*What the task asks*
Before copying, find the line below that contains "Душевая перегородка комплектуется"; then return it and all later lines exactly, up to and including the final line, with no pictures.

****

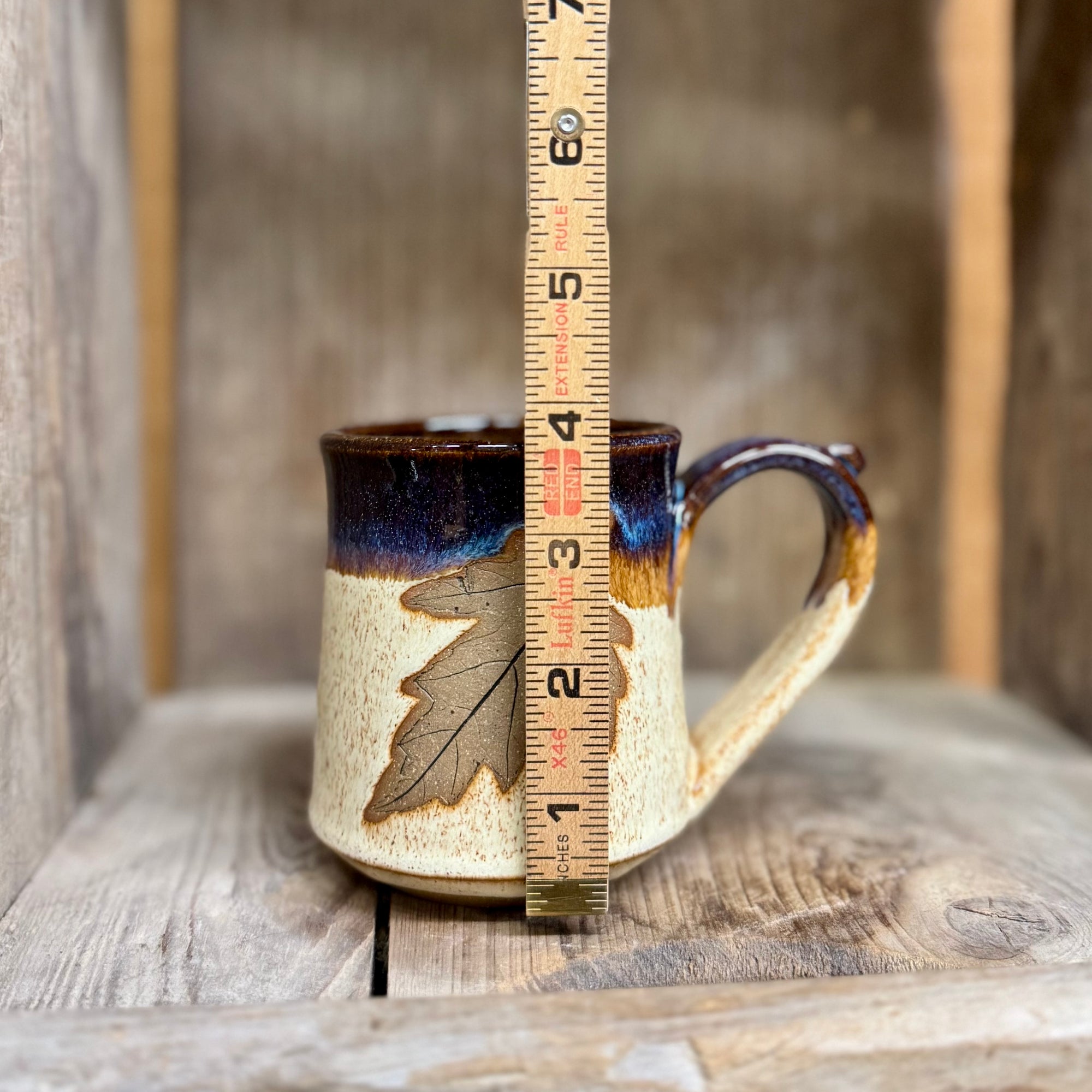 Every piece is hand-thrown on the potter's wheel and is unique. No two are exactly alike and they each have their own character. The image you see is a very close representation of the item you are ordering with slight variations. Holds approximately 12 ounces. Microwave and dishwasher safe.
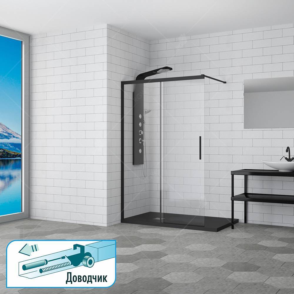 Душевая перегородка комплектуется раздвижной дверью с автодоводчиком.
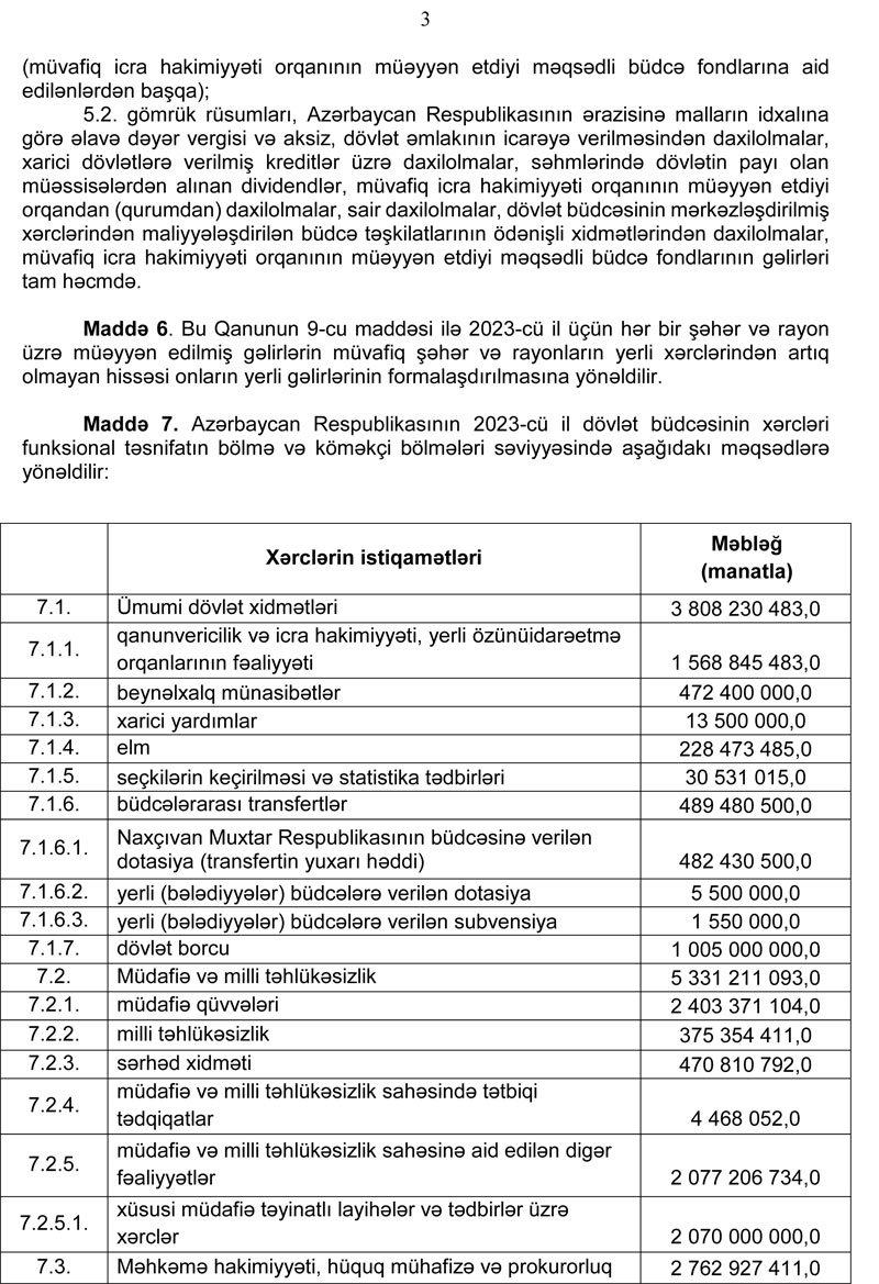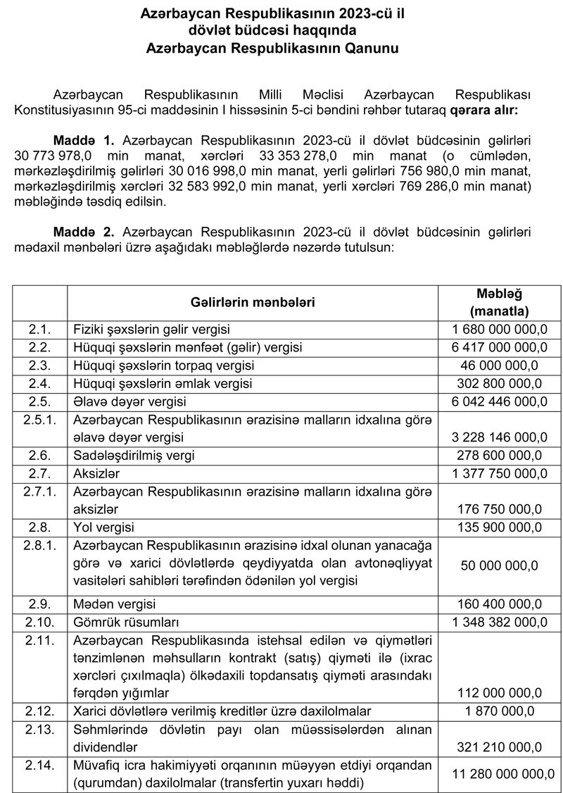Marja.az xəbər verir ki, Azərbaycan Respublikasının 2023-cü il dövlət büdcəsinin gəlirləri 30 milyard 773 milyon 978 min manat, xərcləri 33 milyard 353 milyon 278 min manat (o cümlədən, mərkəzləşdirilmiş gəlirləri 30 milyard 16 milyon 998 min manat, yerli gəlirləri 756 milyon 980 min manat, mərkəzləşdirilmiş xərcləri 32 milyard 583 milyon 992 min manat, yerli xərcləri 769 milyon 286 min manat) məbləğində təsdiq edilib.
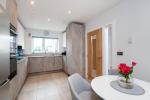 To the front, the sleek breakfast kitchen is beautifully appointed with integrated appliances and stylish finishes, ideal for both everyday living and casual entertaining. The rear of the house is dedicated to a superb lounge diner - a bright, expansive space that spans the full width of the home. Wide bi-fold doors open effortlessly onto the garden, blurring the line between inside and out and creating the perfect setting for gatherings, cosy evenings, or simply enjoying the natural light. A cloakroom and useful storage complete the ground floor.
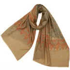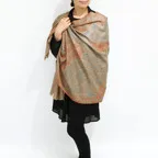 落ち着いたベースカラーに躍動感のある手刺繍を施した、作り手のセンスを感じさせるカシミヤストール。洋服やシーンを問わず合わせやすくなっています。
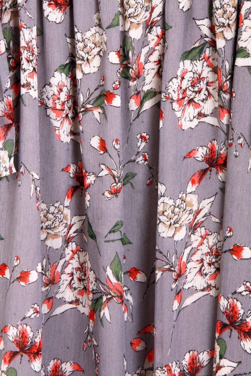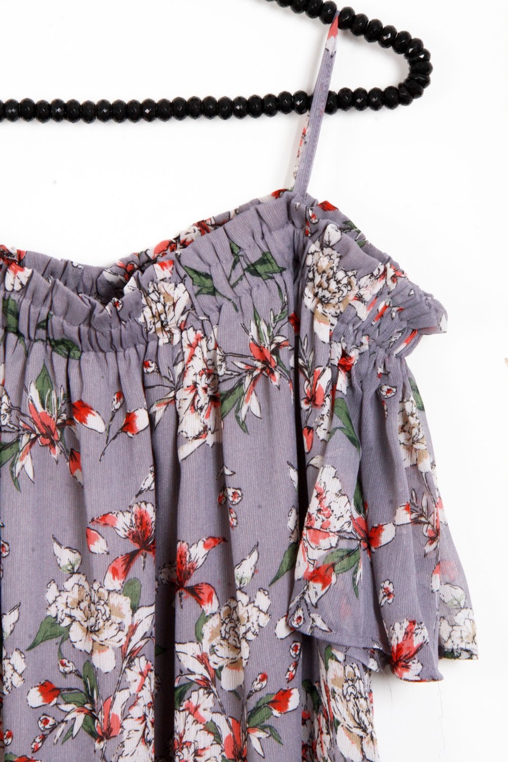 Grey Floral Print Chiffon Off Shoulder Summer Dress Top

****

*The answer*
 Душевая перегородка комплектуется раздвижной дверью с автодоводчиком.
Marja.az xəbər verir ki, Azərbaycan Respublikasının 2023-cü il dövlət büdcəsinin gəlirləri 30 milyard 773 milyon 978 min manat, xərcləri 33 milyard 353 milyon 278 min manat (o cümlədən, mərkəzləşdirilmiş gəlirləri 30 milyard 16 milyon 998 min manat, yerli gəlirləri 756 milyon 980 min manat, mərkəzləşdirilmiş xərcləri 32 milyard 583 milyon 992 min manat, yerli xərcləri 769 milyon 286 min manat) məbləğində təsdiq edilib.
 To the front, the sleek breakfast kitchen is beautifully appointed with integrated appliances and stylish finishes, ideal for both everyday living and casual entertaining. The rear of the house is dedicated to a superb lounge diner - a bright, expansive space that spans the full width of the home. Wide bi-fold doors open effortlessly onto the garden, blurring the line between inside and out and creating the perfect setting for gatherings, cosy evenings, or simply enjoying the natural light. A cloakroom and useful storage complete the ground floor.
 落ち着いたベースカラーに躍動感のある手刺繍を施した、作り手のセンスを感じさせるカシミヤストール。洋服やシーンを問わず合わせやすくなっています。
 Grey Floral Print Chiffon Off Shoulder Summer Dress Top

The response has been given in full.